The combination of IPH and Brammer into a larger entity creates a clearer differentiation between the value propositions of the smaller specialty distributors at a local level. As one distributor commented, “It creates some confusion in the market as the integration takes place and there is an emphasis on quarterly performance, and we have an opportunity to strengthen our customer relationships based on the local service we provide.” But, he added, “in five years I expect they will be a very tough competitor when they do integrate the companies, and we have to keep improving our value to compete effectively.”

The integration of the IPH and Brammer businesses is expected to take at least a few years. The deal could spark increased M&A activity by Descours & Caboud, Grainger and ERIKS, though ERIKS has not been as active among the primary industry consolidators.

The dealmakers

Advent International, headquartered in the U.S., has completed more than 325 private equity transactions in 40 countries and has $41 billion in assets under management. The company has a long history of investment into distribution.
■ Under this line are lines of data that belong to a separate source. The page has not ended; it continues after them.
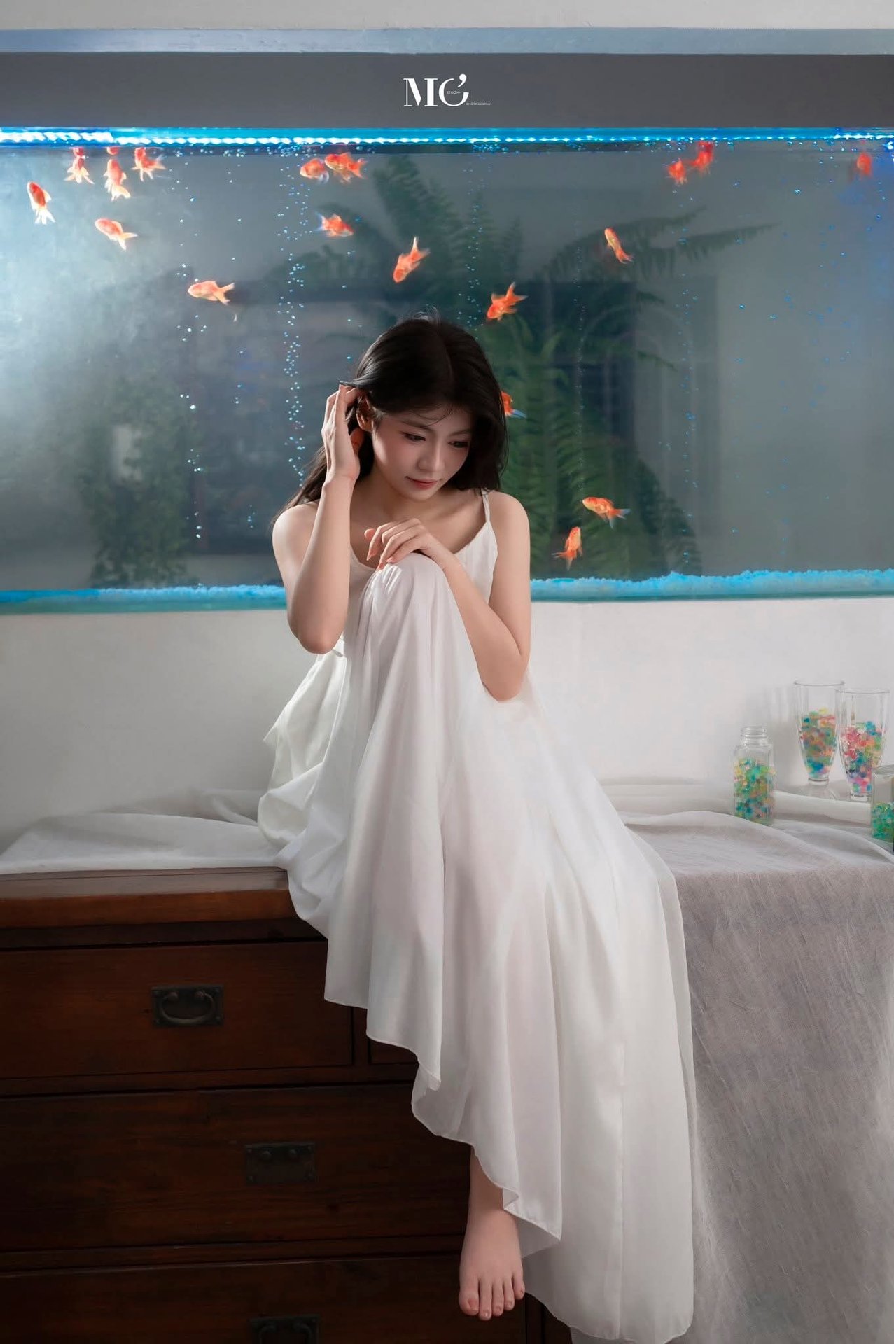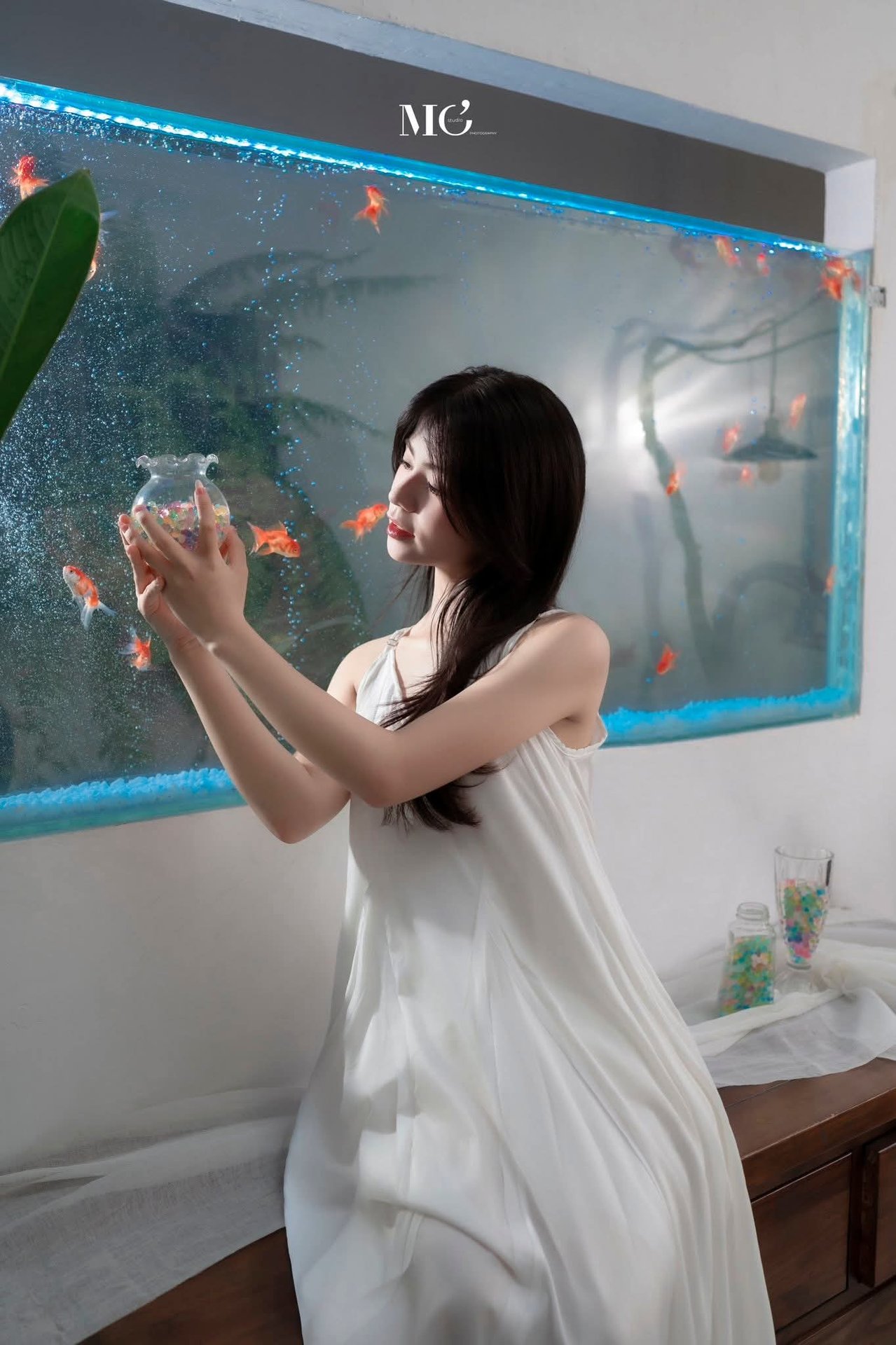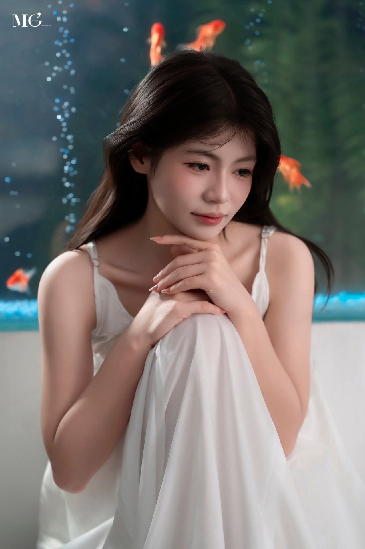 Dreamy Muse & Goldfish: Poetic Artistic Portrait
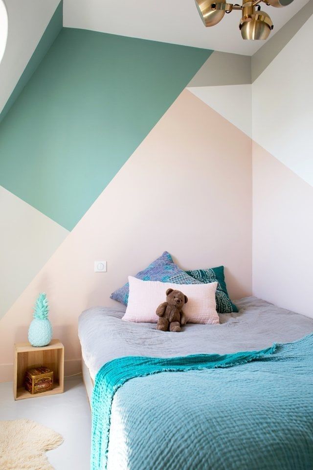 Tejpa upp raka linjer och skapa geometriska färgblock i färger som passar bra ihop. Bilden kommer från insidecloset.com.
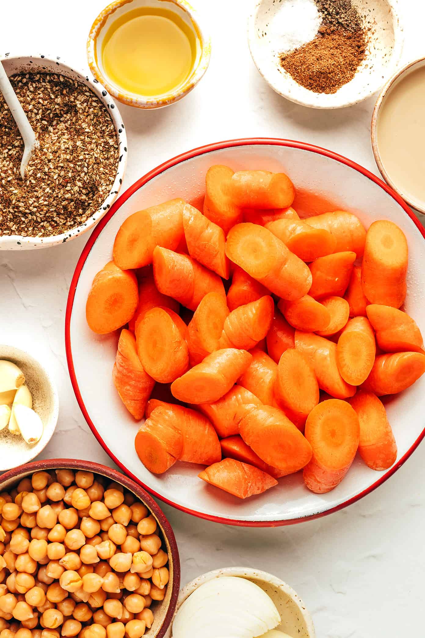 • Za’atar roasted chickpeas:ย We will also roast up a batch of crispy za’atar chickpeas alongside the carrots, which add protein and earthy flavor to the soup and are simple to make with olive oil, za’atar and fine sea salt.
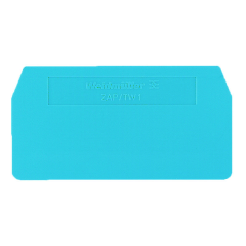 Sorkapocs véglap Z sorozathoz ZAP/TW 1 BL, kék, 1608750000 Weidmüller Elválasztó lemez (kapocs), Vég- és elválasztó lemez, 59.5 mm x 30.5 mm, kék Elválasztó fal szomszédos keresztösszekötők sorkapcsainak elektromos elválasztásához. Az elválasztó lemez em

In the U.S., it orchestrated the 2010 merger of the largest roofing and exterior building products distributors, Bradco and ABC Supply, the No. 1 and No. 3 market competitors, to create the dominant industry consolidator, more than 2.5 times the size of its next largest competitor at the time. According to MDM research, ABC Supply’s 2016 revenues were $8.5 billion.

In 2011, Advent invested in Morrison Supply Co., now known as MORSCO, Fort Worth, TX. Chip Hornsby, former CEO of Wolseley Inc., was named CEO of MORSCO at that time. The company has grown aggressively through acquisitions, with 2016 revenues of more than $1.7 billion.

PAI Partners, London, has completed 61 transactions in 11 countries since 1994, representing €42 billion (US$46.8 billion) in transaction value. PAI provides the companies they own with the financial and strategic support required to pursue their development and enhance strategic value creation.